Your goal: Among the entries below, take the line with "Thiết kế nội" and the line with "直销占比从49%升至55%,意味着每赚一", and output them and every line between them exactly, with nothing else.

Input:

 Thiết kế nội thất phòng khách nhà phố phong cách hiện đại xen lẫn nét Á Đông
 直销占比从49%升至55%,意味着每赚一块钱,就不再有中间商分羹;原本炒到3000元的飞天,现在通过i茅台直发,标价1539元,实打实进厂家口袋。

--

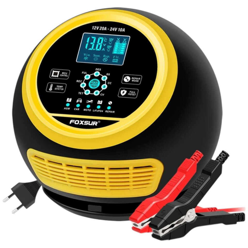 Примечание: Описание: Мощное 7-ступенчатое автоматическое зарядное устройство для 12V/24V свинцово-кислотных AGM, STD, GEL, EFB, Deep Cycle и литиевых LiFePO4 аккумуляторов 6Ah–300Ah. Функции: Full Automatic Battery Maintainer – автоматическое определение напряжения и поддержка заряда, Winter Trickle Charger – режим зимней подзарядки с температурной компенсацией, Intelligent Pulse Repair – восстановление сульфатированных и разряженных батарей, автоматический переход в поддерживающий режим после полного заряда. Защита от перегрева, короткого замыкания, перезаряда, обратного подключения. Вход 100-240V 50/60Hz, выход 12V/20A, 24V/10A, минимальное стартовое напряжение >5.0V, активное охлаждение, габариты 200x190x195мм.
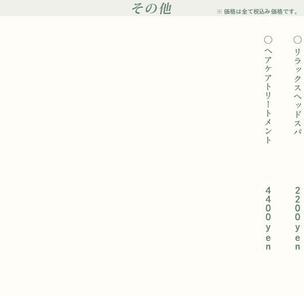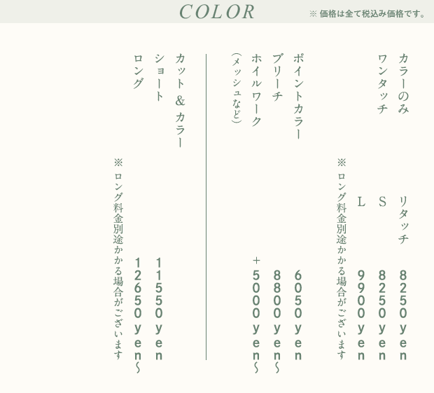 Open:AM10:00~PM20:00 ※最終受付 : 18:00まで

Result of the task:
 Thiết kế nội thất phòng khách nhà phố phong cách hiện đại xen lẫn nét Á Đông
 直销占比从49%升至55%,意味着每赚一块钱,就不再有中间商分羹;原本炒到3000元的飞天,现在通过i茅台直发,标价1539元,实打实进厂家口袋。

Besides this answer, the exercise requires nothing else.